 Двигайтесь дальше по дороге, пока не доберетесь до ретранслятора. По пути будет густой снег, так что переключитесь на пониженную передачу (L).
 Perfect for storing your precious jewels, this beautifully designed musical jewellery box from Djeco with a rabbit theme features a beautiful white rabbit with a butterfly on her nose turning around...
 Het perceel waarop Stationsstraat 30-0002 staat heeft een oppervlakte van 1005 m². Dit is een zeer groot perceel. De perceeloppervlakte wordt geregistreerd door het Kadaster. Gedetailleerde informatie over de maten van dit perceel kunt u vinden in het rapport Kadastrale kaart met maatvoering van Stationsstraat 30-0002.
* * *
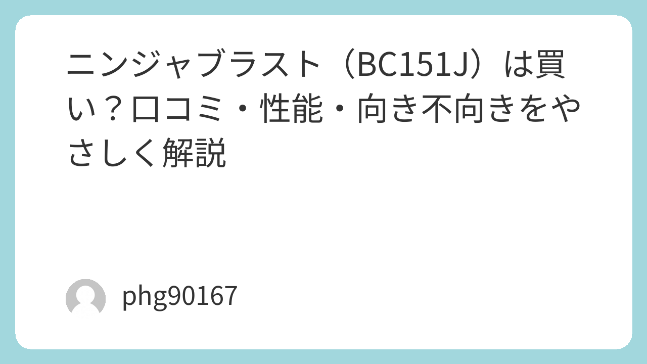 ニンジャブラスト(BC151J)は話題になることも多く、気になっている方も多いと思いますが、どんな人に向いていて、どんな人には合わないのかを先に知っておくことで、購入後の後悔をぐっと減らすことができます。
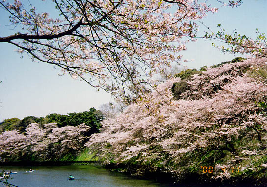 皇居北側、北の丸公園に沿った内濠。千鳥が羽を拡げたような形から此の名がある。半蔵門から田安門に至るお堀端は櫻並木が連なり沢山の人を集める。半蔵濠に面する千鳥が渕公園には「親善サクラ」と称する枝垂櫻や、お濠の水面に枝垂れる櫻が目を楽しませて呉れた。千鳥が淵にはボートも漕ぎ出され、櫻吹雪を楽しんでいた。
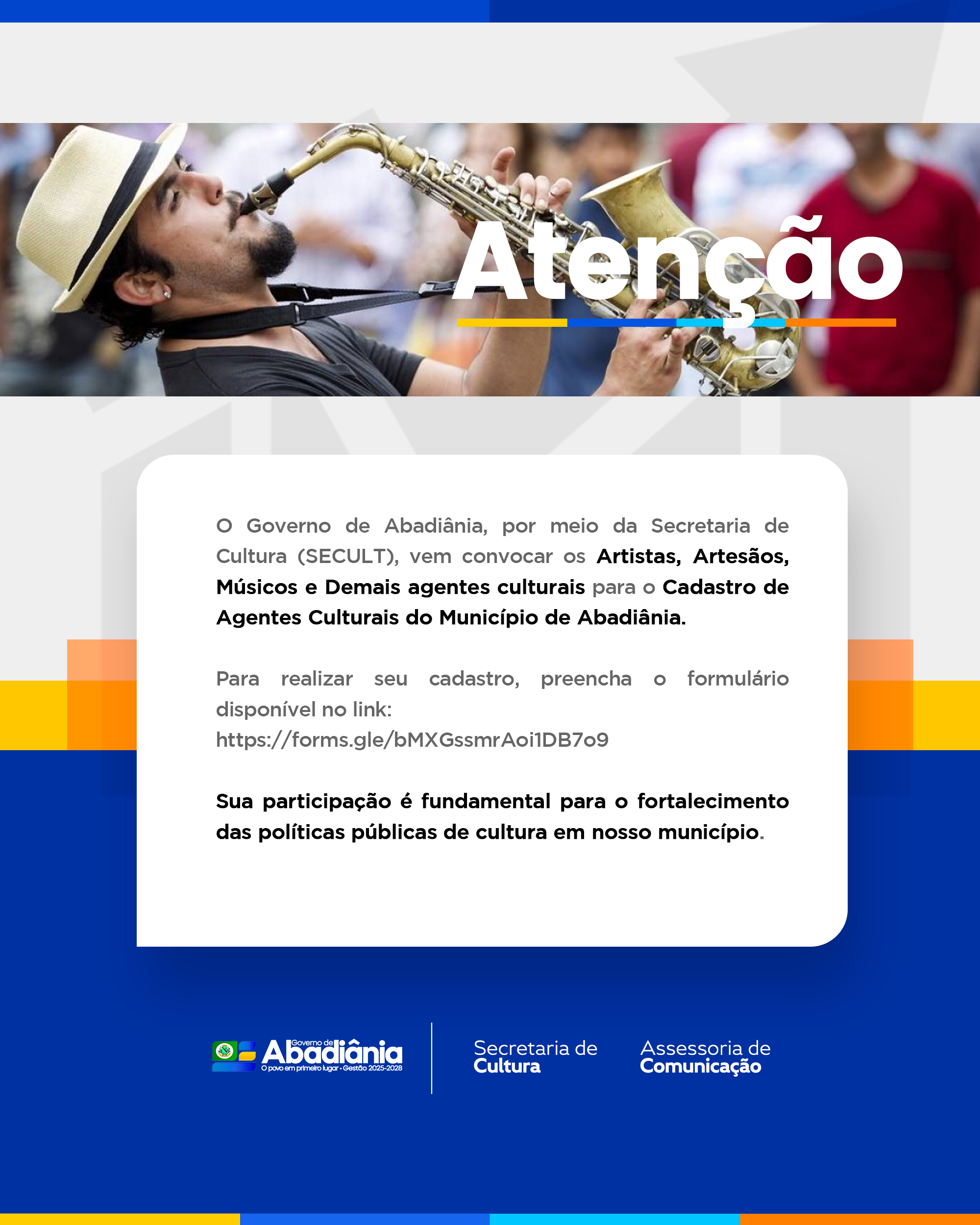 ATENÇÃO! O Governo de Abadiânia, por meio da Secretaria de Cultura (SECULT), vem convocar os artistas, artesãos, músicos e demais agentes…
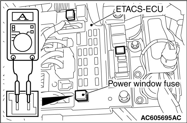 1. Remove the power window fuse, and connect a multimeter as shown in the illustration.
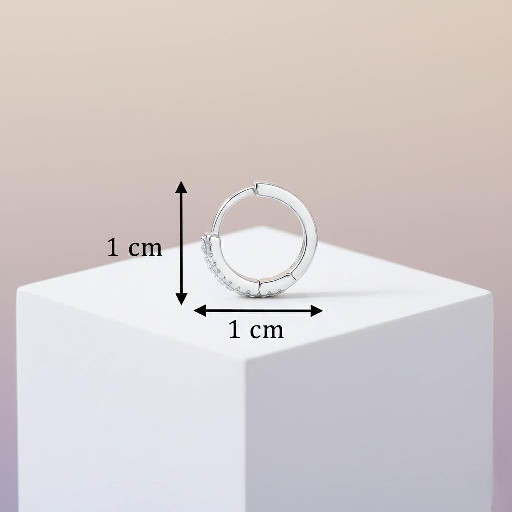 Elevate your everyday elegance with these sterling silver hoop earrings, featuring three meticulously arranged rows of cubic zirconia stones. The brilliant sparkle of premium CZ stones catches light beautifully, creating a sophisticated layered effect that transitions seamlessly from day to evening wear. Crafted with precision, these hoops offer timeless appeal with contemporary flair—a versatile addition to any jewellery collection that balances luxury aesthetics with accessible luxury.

Problem statement:
Starting at the line above that holds "皇居北側、北の丸公園に沿った", repeat every line exactly down to and including the line that holds "ATENÇÃO! O Governo", then stop. Do not carry over any pictures.

Response area:
 皇居北側、北の丸公園に沿った内濠。千鳥が羽を拡げたような形から此の名がある。半蔵門から田安門に至るお堀端は櫻並木が連なり沢山の人を集める。半蔵濠に面する千鳥が渕公園には「親善サクラ」と称する枝垂櫻や、お濠の水面に枝垂れる櫻が目を楽しませて呉れた。千鳥が淵にはボートも漕ぎ出され、櫻吹雪を楽しんでいた。
 ATENÇÃO! O Governo de Abadiânia, por meio da Secretaria de Cultura (SECULT), vem convocar os artistas, artesãos, músicos e demais agentes…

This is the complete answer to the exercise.